A: You’ll want to take note of your home’s architectural style so your outdoor fixtures complement it. Also, large windows near the entrance that allow indoor light out affect how much light you’ll need for your entryway. A roof or covered porch over the entrance will similarly influence your outdoor entryway lighting plan.
If you have a smaller stoop, a direct downlight or two is likely all you need. Look for an outdoor wall light that creates a wash of light down the wall to brighten up the area around your door. For a large porch, an even, diffused layer of light will illuminate the square footage without any Christmas Vacation exterior illumination references from the neighbors. Instead of one large and powerful outdoor light, go for many small patio lights instead.
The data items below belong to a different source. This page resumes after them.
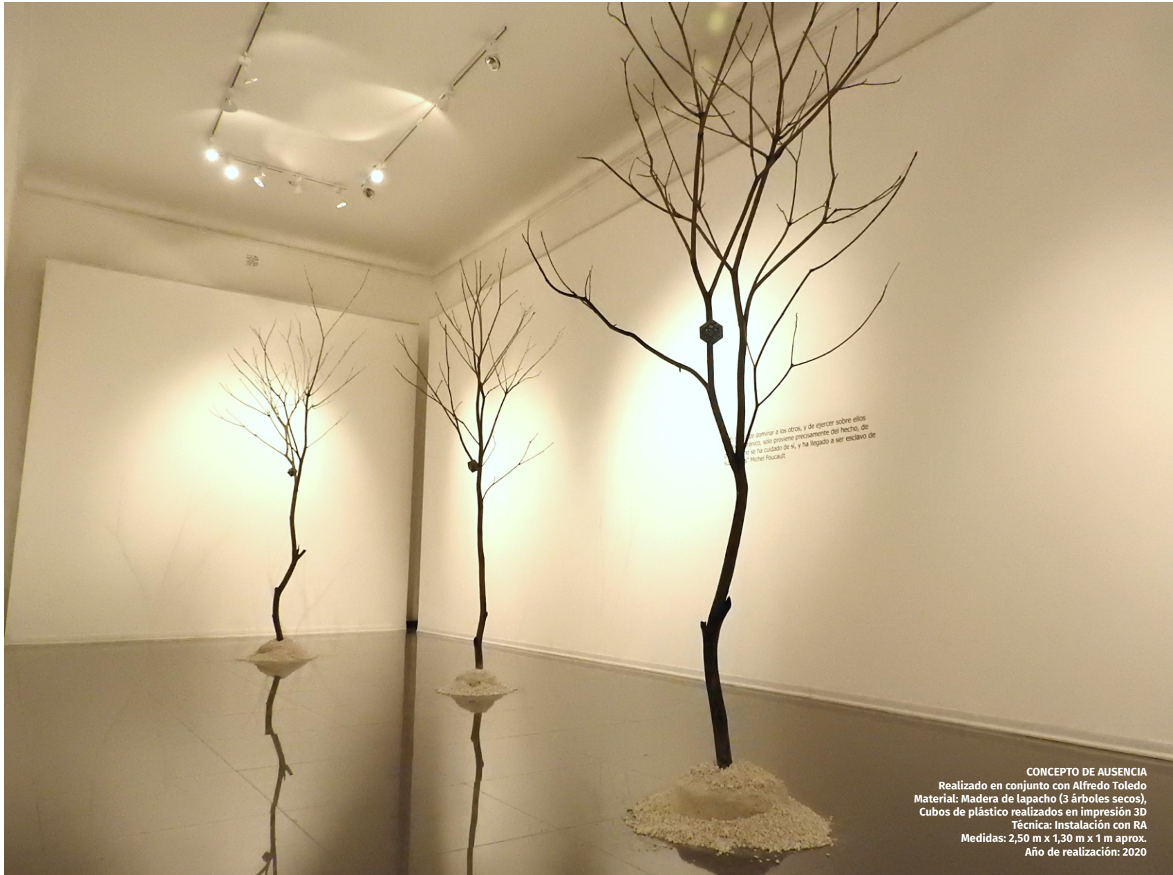
CONCEPTO DE AUSENCIA Realizado en conjunto con Alfredo Toledo Material: Madera de lapacho (3 árboles secos), Cubos de plástico realizados en impresión 3D Técnica: Instalación con RA Medidas: 2,50 m x 1,30 m x 1 m aprox. Año de realización: 2020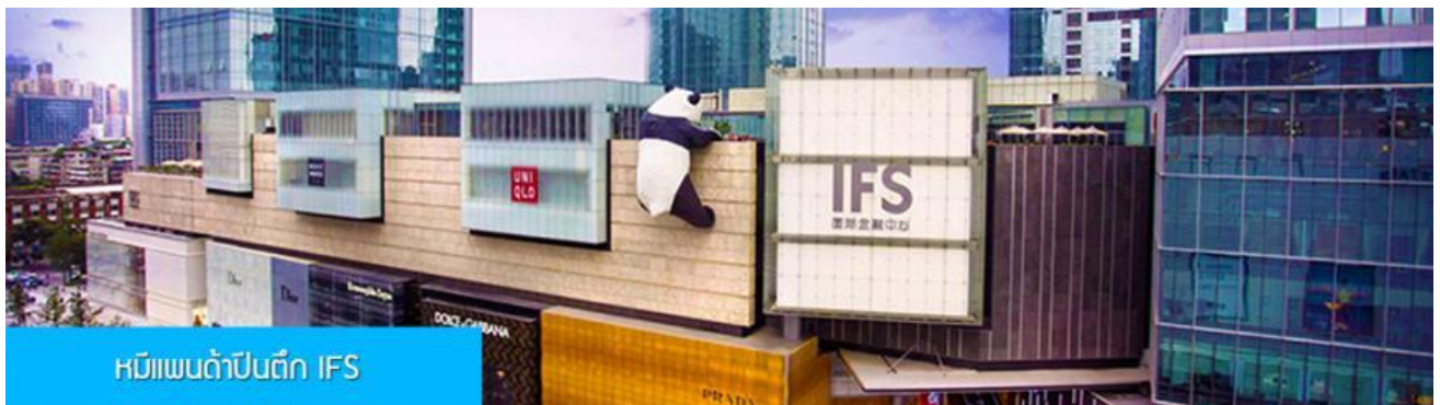
หมีแพนด้าปีนตึก IFS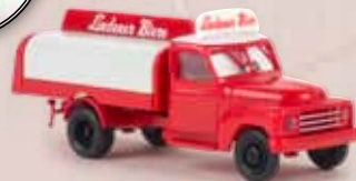
v 37128 Hanomag L 28 „Lindener Biere“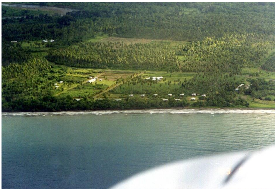
IV PNG 1.2 – East Sepik Province 01 : Littoral au nord de Madang à l'approche de Wewak, capitale et chef-lieu de la province East Sepik (1999).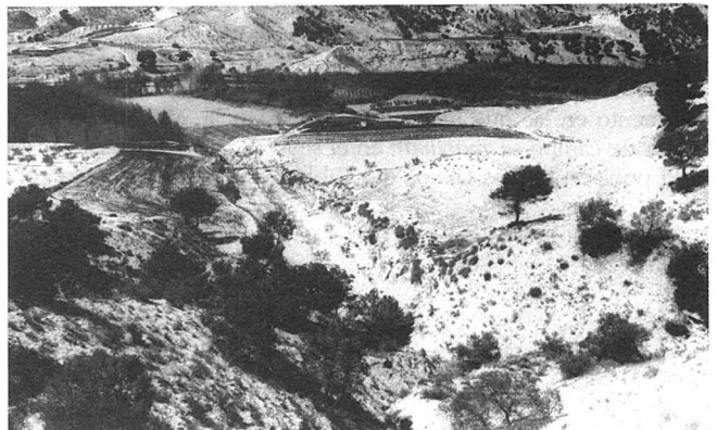
FOTO 4. Perfil con restos arqueológicos del Cortijo de Flora (GR.CZ.13).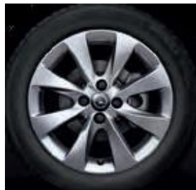
8 Speichen bei 4 Loch Felge (nur Corsa ohne 1,7 CDTI)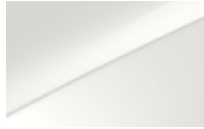
Blanc (WD) (1)

Placez votre monde sous le signe de la créativité. Ajoutez une touche de personnalité à votre horizon. Laissez Kia vous inspirer. Vous avez le choix entre 13 coloris extérieurs et 6 magnifiques modèles de jante pour donner libre cours à vos envies.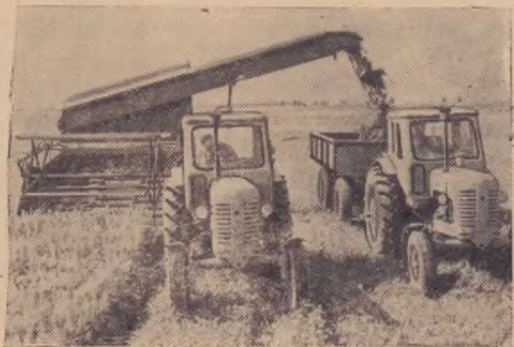
Замечательный урожай люпина вырастили хозяйства Брянской области. В колхозе «Ленинский путь» Почепского района с каждого из 250 гектаров скашивают по 250 центнеров зеленой массы. Колхоз заложит в этом году до 10 тонн люпинового силоса на каждую корову.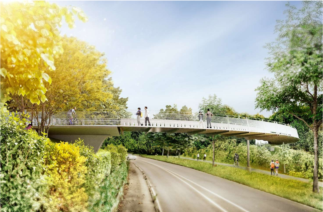
Abb.1: Visualisierung der geplanten Geh- und Radwegbrücke über die Ludwigsburger Straße in nördl. Blickrichtung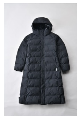
アルミ蓄熱パデットロングコート THEMOLITE (R) 使用/ブラック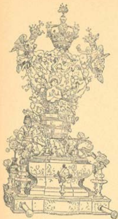
S. JOÃO EVANGELISTA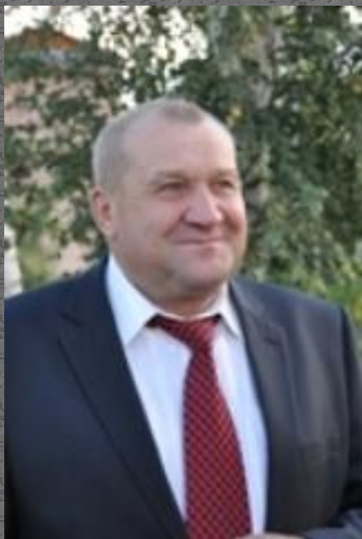
Глава администрации Русинов Юрий Филиппович

Глава администрации Павловского муниципального района осуществляет руководство администрацией Павловского муниципального района, обеспечивает ее функционирование, обеспечивает решение вопросов местного значения, решение которых в соответствии с Уставом Павловского муниципального района отнесено к его полномочиям.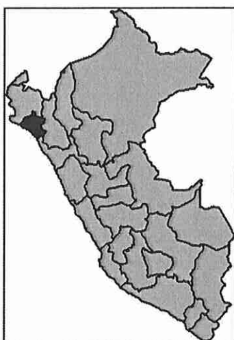
Mapa 01: Localización de la Región Lambayeque en el Perú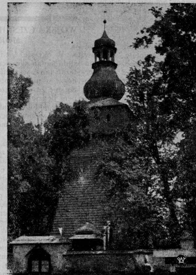
Widok starożytnego kościółka.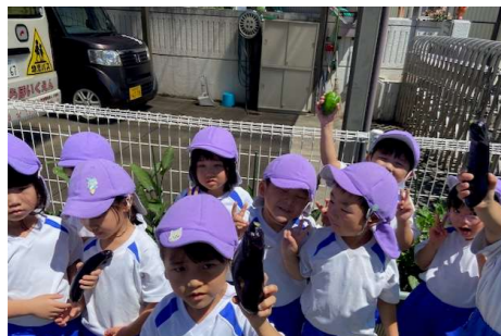
ナス・ピーマンを収穫!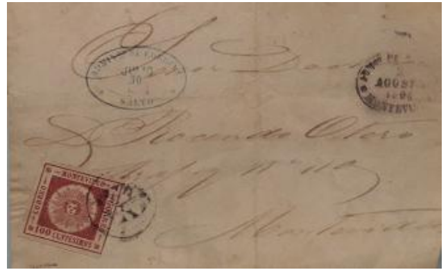
Lote 227 – Uruguay – 15 a (carmin) en frente de carta de Salto a Montevideo, matasellos hoja de roble en negro y ovalo de Salto en color azul con recepción. Muy buen estado y raro – Base 5.500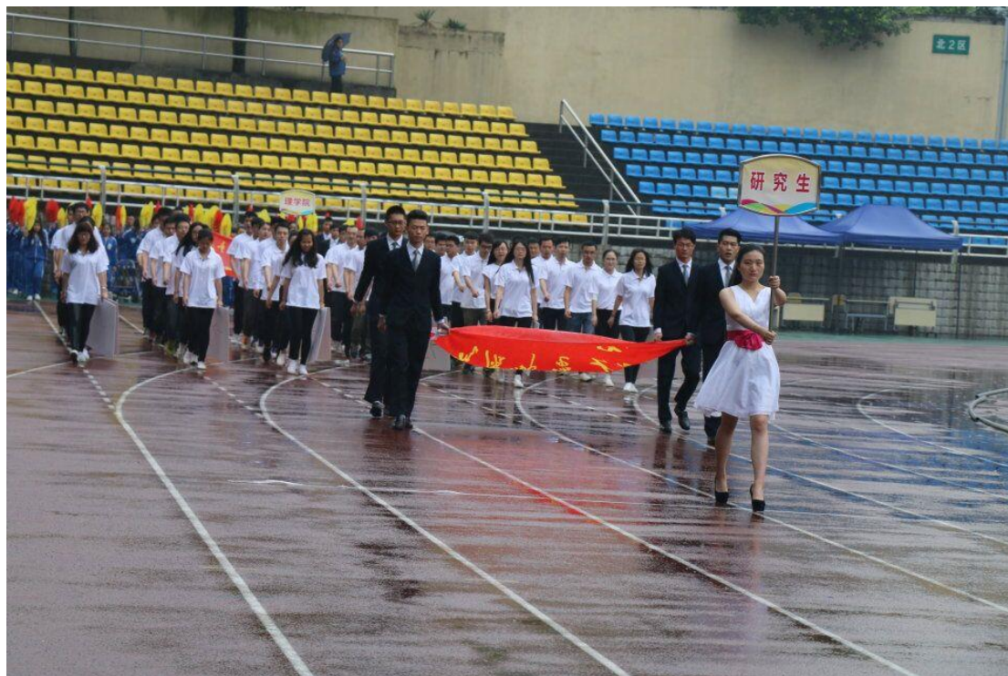
研究生获得重庆邮电大学第十一届学校田径运动会开幕式

我校推进体育运动深入开展,强化体育课和课外锻炼,促进研究生身心健康、体魄强健、全面发展,使研究生运动员们展现出更快、更高、更强的体育精神。

A couple of wall lights with a down wash and a few path lights with a puddling effect will be far more pleasing than having one giant, bright fixture flanking the house.
Q: What types of outdoor entryway lighting are there?
A: The most common choice is outdoor wall lights, but you could also look to hanging pendants, flush and semi-flush ceiling lights and recessed lighting. Typically, you’ll choose a few to work together and the lighting can be layered, similar to indoor areas.
Q: How bright should these lights be?
A: In the dark, a little bit of light goes a long way. Incandescent wattages can be kept in the 25 to 40 watts range (200 to 500 lumens). If you are using multiple fixtures then stay closer to 200 lumens per fixture. If you have large windows that let the indoor light out, you may use even less light.
Q: Which fixtures can be used with a roof or overhang?
A: There are multiple options. You can use pendants, like the Fora; ceiling lights, such as the Niki, which provides ample diffused light; or recessed lighting, like the Tesla 3.5 High Output. The bottom of the pendant should be about 6 inches above the height of the door and the scale of it should be in proportion to your door. Flush-mounted ceiling lights and recessed lighting will keep the emphasis on the entryway itself and provide ample lighting. Place recessed lighting closer to the door to reduce shadows.
Q: What are some tips for choosing wall lighting?
A: Wall lights can be used in combination with ceiling lighting to fill in gaps in illumination, or on their own. Sizing of wall lights will be determined by the height of your door. If you are using one wall light, it should be approximately one-third the height of the door. With two lights, they should be approximately one-quarter the height of the door. In both cases they should be mounted so that the center of the lamp is 66 inches above the ground.
Q: How important is a diffuser?
A: The easiest way to ensure you have enough light without going overboard is to look for an outdoor wall light that covers the light source with a shade, plate or heavy diffuser. You don’t want a design that will have you looking directly into the light source (think of those old-timey nautical fixtures with exposed bulbs). Choosing fixtures with translucent white or frosted diffusers will help the whole fixture be seen. It prevents a glare or a beacon effect, where you only see the bulb filament through the clear glass.
Q: How do you protect lights against the elements?
A: Outdoor entryway lighting fixtures will be in contact with the elements, so it is important to select those that are “wet-location listed” and designed for outdoor use. Damp-location fixtures can be used under a roof or overhang that keeps them from direct contact with rain and snow. In coastal areas, look for fixtures made of brass, solid aluminum (distinct from cast or spun aluminum), glass, or plastic as these materials hold up better in salt air. Some are paid especially to stand up to climate in these areas, such as Hinkley’s Surf, which features marine-grade finishing.
Q: Should my outdoor lighting fixtures match?
A: That’s up to your personal taste, but having a consistent style starting at the curb with post- or pier-mount lights helps create a unified feeling across your outdoor design. Many manufacturers offer complete outdoor collections that provide a cohesive look, such as the Atlantis Collection. You can also choose to make one piece the focal point and have the others blend in with the surroundings.
Q: What is Dark Sky lighting?
A:Depending on the region you live in, you may or may not be familiar with Dark Sky Compliant lighting, which aims to reduce the harmful effects of light pollution by utilizing a number of design elements. Various parts of California and many coastal areas go so far as to require that your outdoor lighting be Dark Sky compliant, which means 1) the light is no brighter than necessary; 2) blue light emissions are minimized, and 3) the light is fully shielded.
Lastly, consider the lumen output of your front porch light. Many, if not most, outdoor lighting fixtures are available in LED, with the brightness measured in lumens. Getting familiar with the Kelvin color temperature, lumens compared to watts and CRI (color rendering index) will help you ensure that the level and comfort of the front porch light you choose is precisely what you’re looking for.